C’était un journal pour que quelque chose reste de ce drôle de métier, de ces drôles de création qui ne s’impriment vraiment que dans les mémoires des spectateurs.

C’était la photographie déchirée en petits morceaux d’un affectif au regard pénétrant et aux mains agrippeuses, qui attendit longtemps le calme et l’amour, et dévoile, jamais dit plus tôt, l’imbrication de sa vie amoureuse et de son travail. « Quand l’autre devient-il indispensable et à quel prix ? ».


C’était Philippe Calvario, avec parfois la même intonation, qui parle en papillonnant de tabouret en fauteuil cassé sur la grande scène étroite, et une petite araignée qui fait descendre son fil et, devant, reste là comme si aussi elle regardait.

C’était un micro sur scène qui servait à dire pas le travail ou la pensée mais seulement l’évolution de la relation affective (sauf à la fin, et alors pourquoi ?) et la musique qui appuie trop alors que le texte suffit seul et que Koltès disait qu’« il faudrait pouvoir être léger ». C’est difficile de mettre en scène une lecture, mais si c’est un texte vigoureux infatigable (et sinon pourquoi le lire ?) comme Coma de Guyotat que Chéreau avait lu au théâtre de la Ville ou Quartett d’Heiner Müller dont il parle, peut-être que le lecteur assis à une table avec une petite lumière c’est assez.

C’était des morceaux sur la tension, la modification qui intéressent Chéreau au théâtre comme au cinéma, et ce qu’il dit magnifiquement du premier : « Bien se redire ce qui définit le théâtre : la pesanteur d’un corps vivant dans un espace palpable et secret : un acteur est là, au centre du cercle et il ne fait semblant qu’à moitié. S’il transpire, sa transpiration est vraie… ». D’autres exemples suivent et puis, à celui qui aurait aimé être chef d’orchestre, chorégraphe ou écrire des romans, il peut « arriver de savoir faire bouger les corps – et je pense même que j’ai une façon bien particulière de les faire bouger, un instrument que je me suis forgé au fil des années et qui vient de l’usage malheureux que je fais du mien. […] Mais mon domaine, ce sont les textes, les mots, donc les faire vivre, les incarner dans des corps ».
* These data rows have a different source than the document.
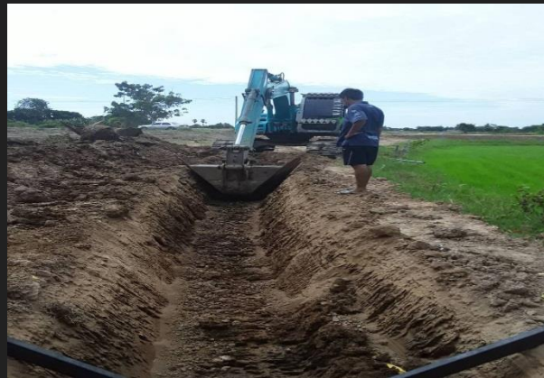
ขณะดำเนินการ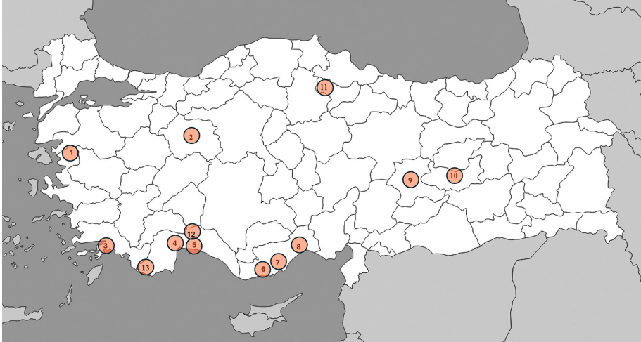
Fig.2 II. Konstans'ın Anadolu'da INPER CONST lejantlı sikkelerinin dolaşımı 1.Pergamon Kazısı, 2. Eskişehir Müzesi, 3. Kaunos Kazısı, 4. Perge Kazısı, 5. Side Kazısı, 6. Kelenderis Kazısı, 7. Anemurium Kazısı, 8. Elaiussa Sebaste Kazısı, 9. Harput Kalesi Kazısı, 10. Malatya Müzesi, 11. Amasya Müzesi, 12. Sillyon, 13. Patara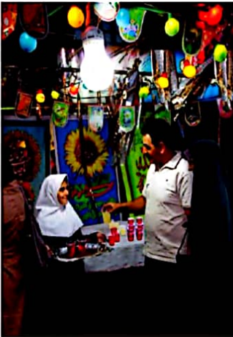
جشن نیمه شعبان

به تصویرهای زیر توجه کنید. این تصویرها چه روزهایی را نشان می‌دهند؟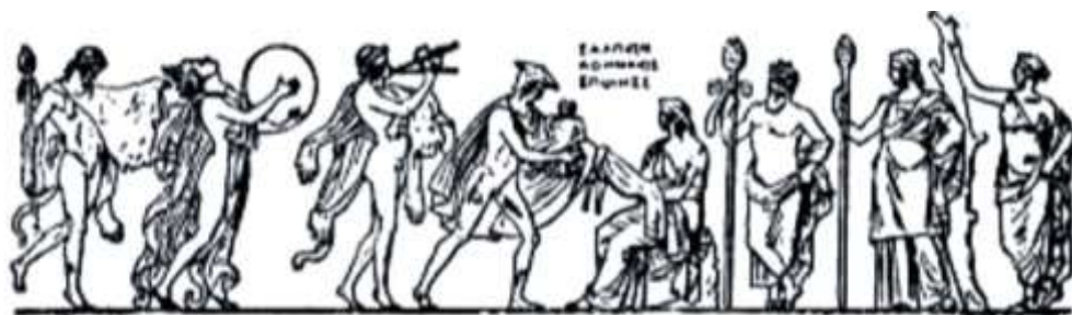
Fig. 3. Nașterea lui Dionysos (Muzeul din Napoli, Italia) / Birth of Dionysus (Museum of Naples), Italy ( http://www.truthbeknown.com/dionysus.html ).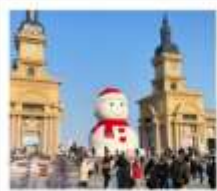
ตึกตาทิมะฮักย์

โบสถ์ซันไฮเซย์ / คฤหาสน์วอลการ์ / โบสถ์ซันตปีโคลัส / Harbin Polar Park หมู่บ้านหิมะ: SNOW TOWN + กิจกรรมสาดน้ำร้อนกลางแจ้ง / เซาเปียงดูช DREAM HOME (รวมค่าเช่า) / สนแสดงตึกคางคินถนบนเส่มู่เจีย + สวนพาเหรดฮิสที ภาพเขียน ICE AND SNOW (ฟรี Snow Tubing ท่าละ: 1 รอบ) ถนจงหยาง (ฟรี! โถกริมหน้าตี้ยเอ๋อส์) / เกาะพระอาทิตย์ (รวมรถแบดเจอร์) Harbin 2027 International Ice and Snow Festival / หอไอเป๋ร่าฮาร์บิน อุป๋นตึกตาทิมะฮักย์ + ระเบียงถนตย์ / ทะพานกระจกรทไฟประวัธศาสด

C’était, au moment du salut, le livre tendu cachant le visage de l’acteur comme à la messe le prêtre qui porte la Bible.

C’était la justification d’un titre qui résumerait sa vie : « J’ai produit des images au début de ma vie, oui, je pensais alors que le théâtre était cela et seulement cela. Je ne le pense plus. […] Les visages et les corps, ce serait alors ce que j’ai découvert au fil des années : ce quelque chose qui n’appartient qu’à une seule personne, qui est bouleversant dès qu’il apparaît et se transforme et surtout ne se laisse jamais enfermer dans des images ».

C’était la convocation d’images, Irving Penn Richard Avedon Nan Goldin, et des rencontres, Koltès Hervé Guibert, leur mort du Sida, Richard Peduzzi et les autres, et une phrase : « Le silence n’est pas l’absence ; l’absence n’est pas la mort ».
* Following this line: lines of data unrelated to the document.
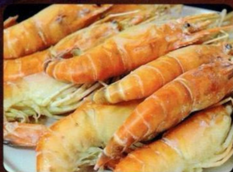
** กุ้งอบเกลือ Steam Prawns with salt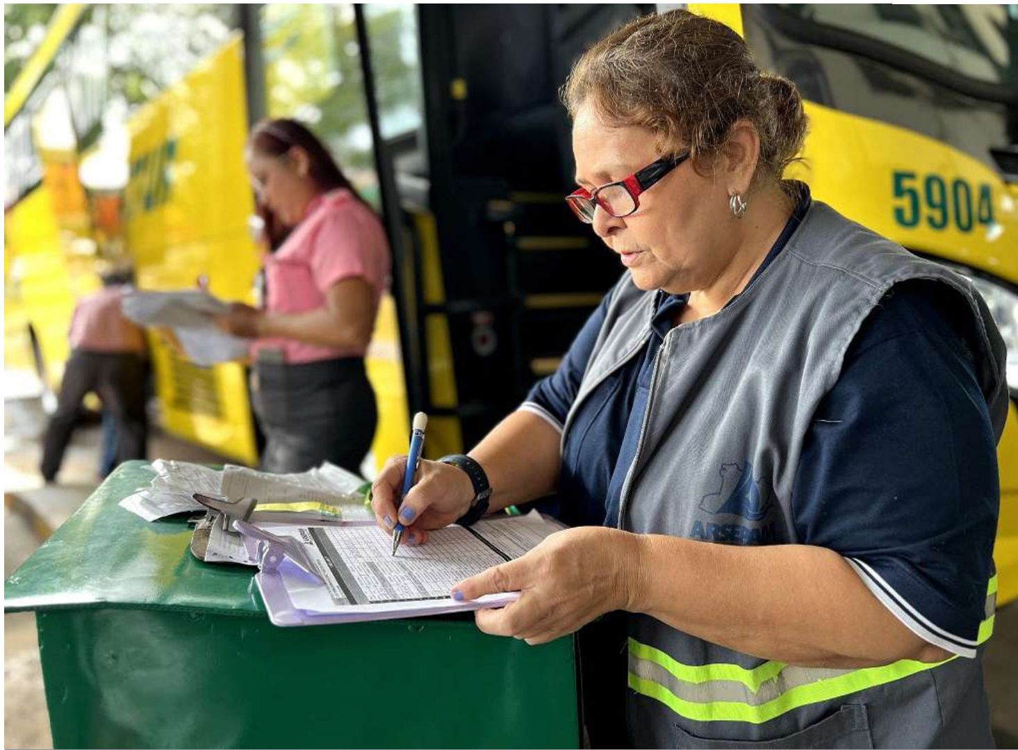
Arsepam projeta que um número superior a 18 mil pessoas utilize os serviços intermunicipais, no período de 2 a 5 de novembro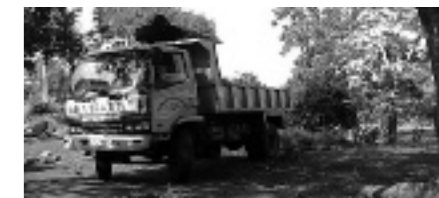
Een vrachtwagen vol met bomen

geeft ze de moed niet op: ze is een nieuw project gestart nl. duizenden kinderen planten hun eigen boom. De bedoeling is uiteraard dat zij dan ook hun eigen boom verzorgen en er dan, meestal na een jaar, letterlijk de vruchten van kunnen plukken.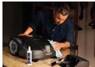
KIT DE MANTENIMIENTO Y LIMPIEZA 590 85 51-01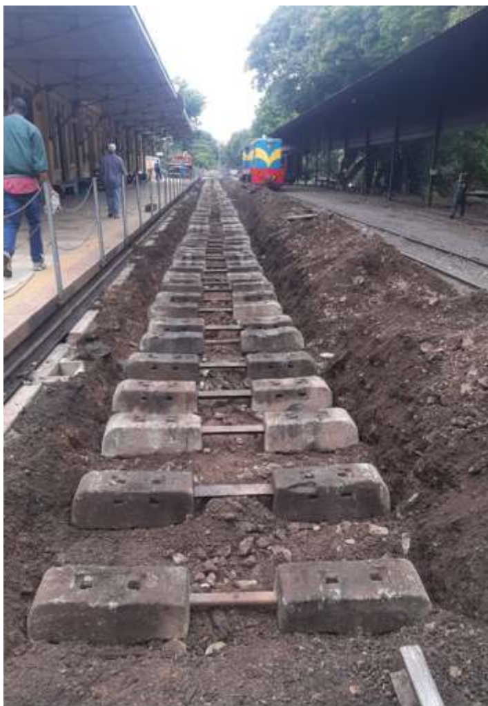
♦ Troca de dormentes na linha principal de Anhumas

C’était, sur le chemin du retour, le Plaza en travaux comme en ruines, les fenêtres nues de leurs stores rouges et ce hall vide avec, pourtant, un lustre allumé pour y laisser entrer des fantômes. Fantôme, le mot le plus fréquent du journal de Chéreau, souvent merveilleux, dans qui il s’oubliait et qui était ce soir le plus vivant de tous.